• Problem to solve
Make an exact transcript of the lines in the data below, starting with the one containing "讲座开始时,吴教授首先详细介" and going on through the one containing "The SuperMag 4X/12D", with both included and the pictures left out.

• Dataset excerpt
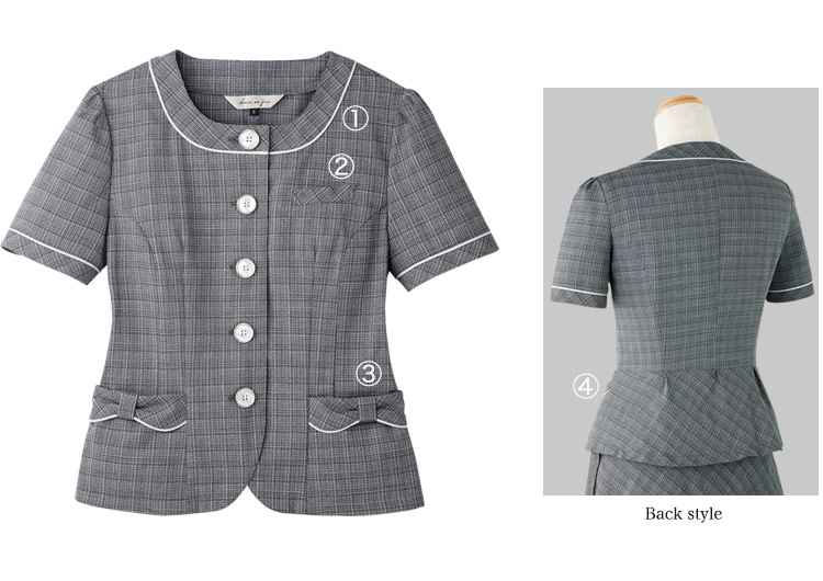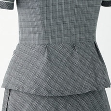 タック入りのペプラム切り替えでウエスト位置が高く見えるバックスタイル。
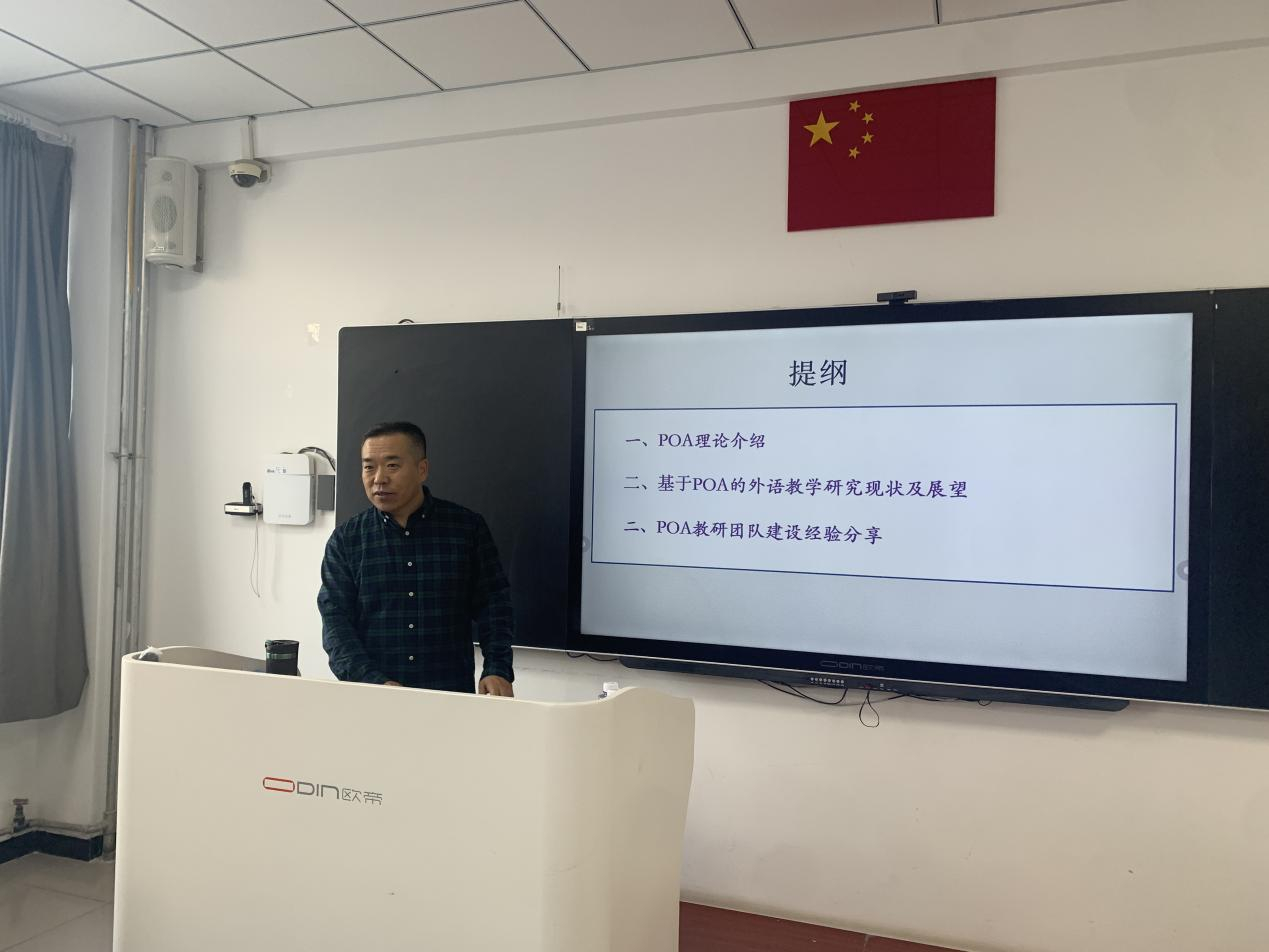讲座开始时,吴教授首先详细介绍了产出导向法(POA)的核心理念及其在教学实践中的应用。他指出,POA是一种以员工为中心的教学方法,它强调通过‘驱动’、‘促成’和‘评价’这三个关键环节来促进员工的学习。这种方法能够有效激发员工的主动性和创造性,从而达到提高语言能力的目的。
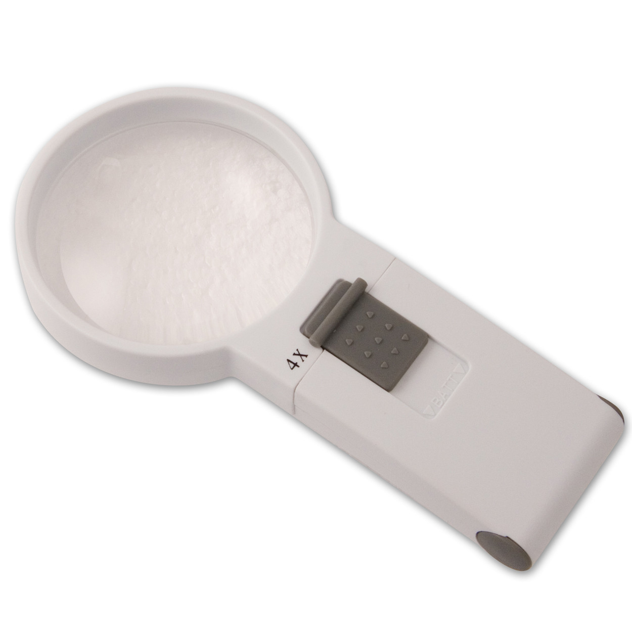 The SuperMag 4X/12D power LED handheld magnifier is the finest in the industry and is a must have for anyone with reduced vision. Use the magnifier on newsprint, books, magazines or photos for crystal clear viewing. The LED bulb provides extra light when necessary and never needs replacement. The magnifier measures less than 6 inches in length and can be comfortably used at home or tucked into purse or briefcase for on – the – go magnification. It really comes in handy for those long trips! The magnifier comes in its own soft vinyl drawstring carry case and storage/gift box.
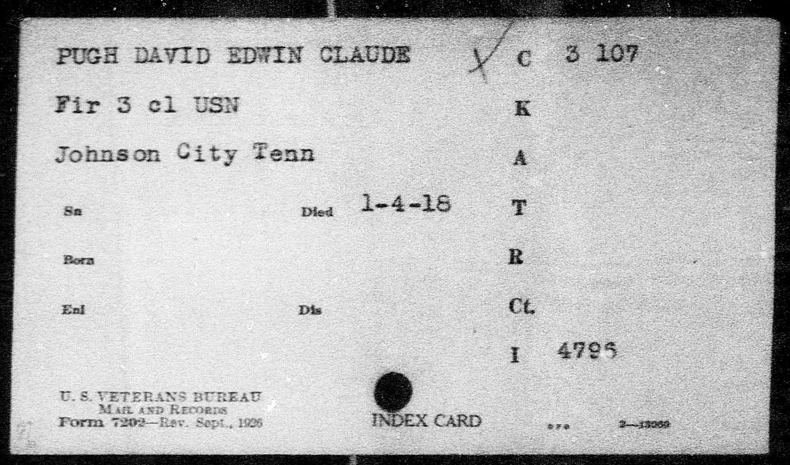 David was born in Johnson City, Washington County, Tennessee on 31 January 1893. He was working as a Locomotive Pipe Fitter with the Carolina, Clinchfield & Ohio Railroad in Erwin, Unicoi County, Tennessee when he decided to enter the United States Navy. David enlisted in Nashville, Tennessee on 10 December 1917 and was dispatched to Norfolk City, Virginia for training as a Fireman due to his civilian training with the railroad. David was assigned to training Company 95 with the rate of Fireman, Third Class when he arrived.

• Response to the exercise
讲座开始时,吴教授首先详细介绍了产出导向法(POA)的核心理念及其在教学实践中的应用。他指出,POA是一种以员工为中心的教学方法,它强调通过‘驱动’、‘促成’和‘评价’这三个关键环节来促进员工的学习。这种方法能够有效激发员工的主动性和创造性,从而达到提高语言能力的目的。
 The SuperMag 4X/12D power LED handheld magnifier is the finest in the industry and is a must have for anyone with reduced vision. Use the magnifier on newsprint, books, magazines or photos for crystal clear viewing. The LED bulb provides extra light when necessary and never needs replacement. The magnifier measures less than 6 inches in length and can be comfortably used at home or tucked into purse or briefcase for on – the – go magnification. It really comes in handy for those long trips! The magnifier comes in its own soft vinyl drawstring carry case and storage/gift box.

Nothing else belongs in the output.